A particularly common source of this problem lies in how validation data are split. In many standard machine learning workflows, including those using general models such as FCNNs, training and validation data are often divided randomly. However, if this kind of random split is applied to time series data, future information can easily leak into the training phase, which is one of the most typical causes of information leakage.

For example, if a record containing sales data from October 2012 is included in the training data, while the immediately preceding September data are included in the validation data, the model is effectively making predictions while “looking into the future”. This is far removed from any real operational scenario and significantly undermines the reliability of model evaluation.

To address this issue, Multi-Sigma® has a function that allows the validation set to be split so that it contains only future data relative to the training set. By using this function, it becomes possible to avoid models that perform with high accuracy during training but then suffer a major drop in accuracy in actual prediction situations. As a result, more reliable prediction can be achieved even in real-world use.

Sales prediction – Part 2

By combining the feature engineering described above with Multi-Sigma®’s Validation function designed to prevent information leakage, the accuracy of sales prediction improved substantially across all departments. This improvement can be seen by comparing the initial prediction results shown in Fig. 4 (left) with the updated results (right).

Under the earlier approach, there was a possibility that future information had been mixed into the validation data during training, creating a risk that the model’s apparent performance would diverge from its actual prediction accuracy. In the present approach, however, that risk was avoided. At the same time, the feature engineering helped the model learn the real structure of the time series data more appropriately. As a result, it became possible to achieve predictions that are not only more accurate, but also more reliable in real-world use.

Sales prediction - Part 2
Fig. 4: Improvement in prediction accuracy

Marketing strategies based on sales data

What machine learning models do best is make predictions for unseen data. Even so, prediction with time series data is never straightforward and usually requires a good deal of careful design. There is also another challenge: with machine learning models such as FCNNs, even when prediction accuracy is high, it can still be difficult to interpret why the model arrived at a particular result. In other words, even if future sales can be predicted with high accuracy, that does not automatically make it easy to understand what is actually driving those changes in sales.

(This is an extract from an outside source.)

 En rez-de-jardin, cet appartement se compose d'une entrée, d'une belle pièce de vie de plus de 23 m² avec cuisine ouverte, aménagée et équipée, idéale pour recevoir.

This is where the Contribution Analysis function built into Multi-Sigma® becomes especially useful. By using it, the variables that influenced sales can be visualized and analyzed more clearly. That, in turn, makes it possible to draw practical marketing insights such as the following:

  • which discount campaigns were associated with improved sales
  • how external factors such as seasonality and holidays were associated with sales
  • how past sales trends continue to influence current sales

In this way, the analysis does not stop at prediction alone. One of the major strengths of using Multi-Sigma® is that it also helps reveal why sales may have increased or decreased.

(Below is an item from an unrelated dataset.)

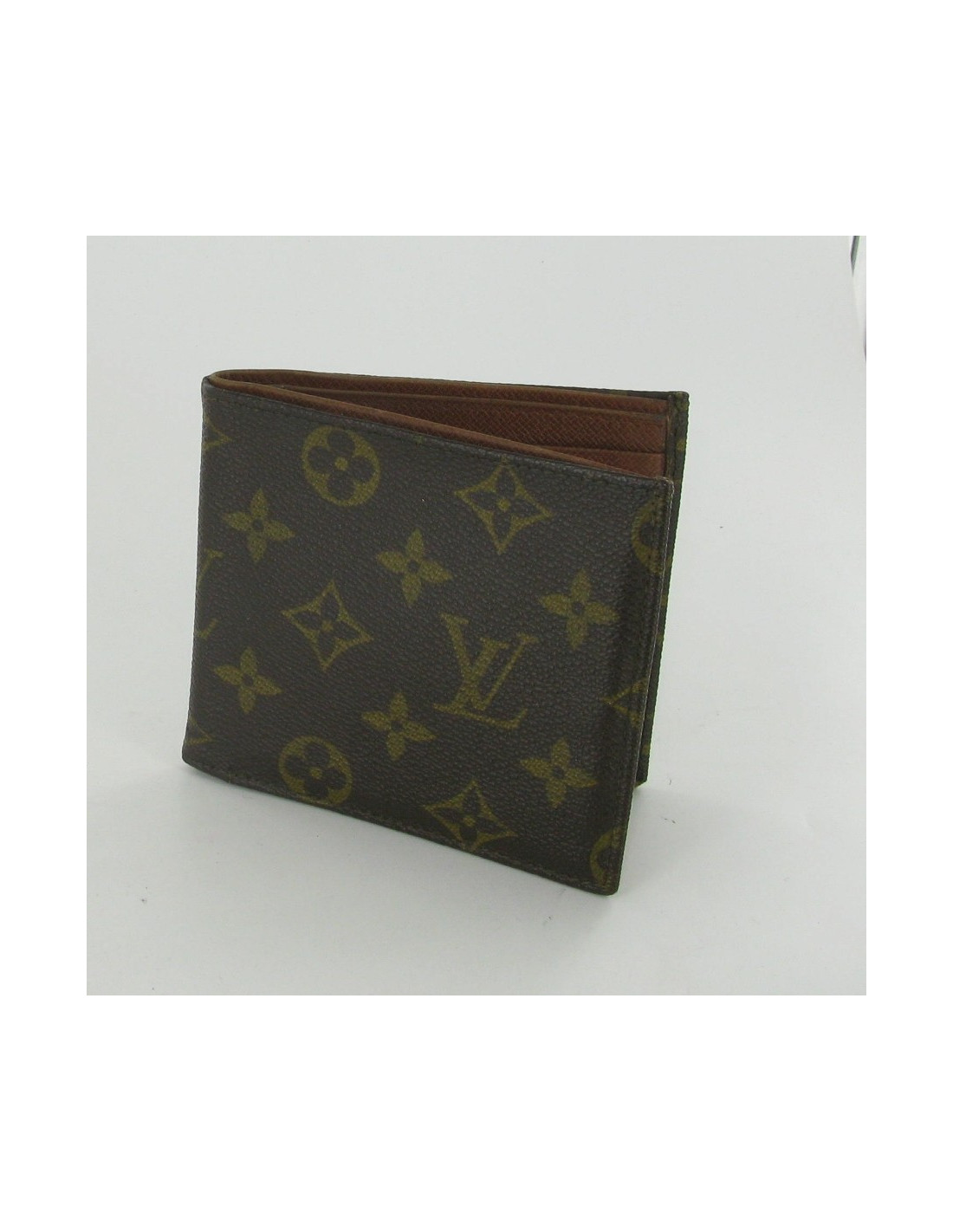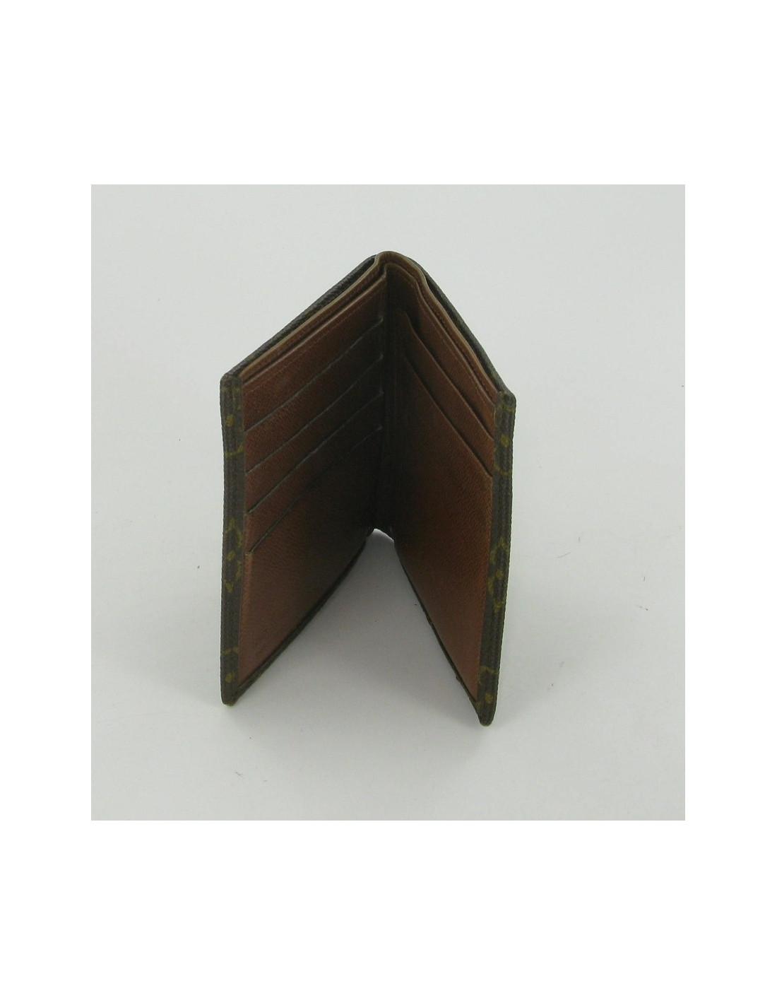 LOUIS VUITTON monogrammee LOUIS VUITTON coated canvas vintage wallet. The Interior is brown leather. There are: 3 slots for cards, 2 bellows for banknotes, 2 pockets and 2 bellows for cards. Outside, lES corners are slightly damaged. Inside, the leather has wear. Delivered with his LOUIS VUITTON bag.

As a result, it becomes possible to go beyond numerical prediction and gain insights that can support more strategic decision-making.

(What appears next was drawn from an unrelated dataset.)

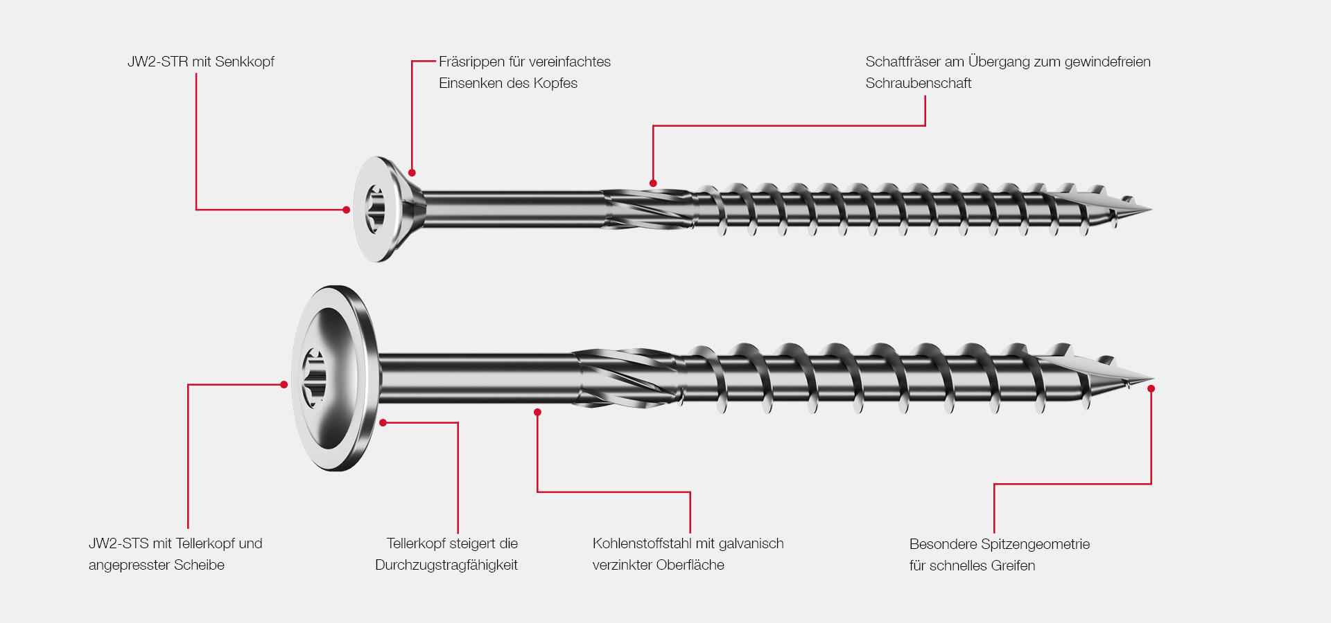 - T-FAST® JW2-STS Tellerkopfschraube mit angepresster Scheibe. Der Tellerkopf ermöglicht ein starkes Zusammenziehen und steigert die Kopfdurchzugstragfähigkeit

What sales data reveal about the effectiveness of discount campaigns

Fig. 5 below shows the results of the Contribution Analysis for each sales department. These results suggest that, in some departments, discount campaigns implemented during the current week and the previous week were associated with sales performance.

Department 1, for example, showed a particularly interesting pattern. When Discount Campaign 4 was implemented, sales tended to improve, whereas Campaigns 1 and 5 were associated with weaker sales. The exact reason is not clear from the available data, but one possible explanation is that Campaigns 1 and 5 may have been aimed at other departments. If that was the case, customers may simply have spent more of their budget there, leaving less to spend in Department 1.

A similar point can be seen in Department 4, where Discount Campaign 2 implemented in the previous week was associated with higher sales. Here again, several possible interpretations can be considered. For example, if Campaign 2 involved products that are consumed quickly, such as groceries or daily necessities, purchases made during the previous week may have encouraged repeat purchases the following week. Another possibility is that the previous week’s Campaign 2 was functioning as a proxy variable, meaning that some other factor may in fact have been influencing sales.

As this shows, it is difficult to draw firm conclusions when the publicly available variables are limited. Even so, the model output does reveal patterns that suggest a relationship between these campaigns and sales performance. Similar signs can also be seen in other departments, where Discount Campaigns appear to have influenced sales in one way or another.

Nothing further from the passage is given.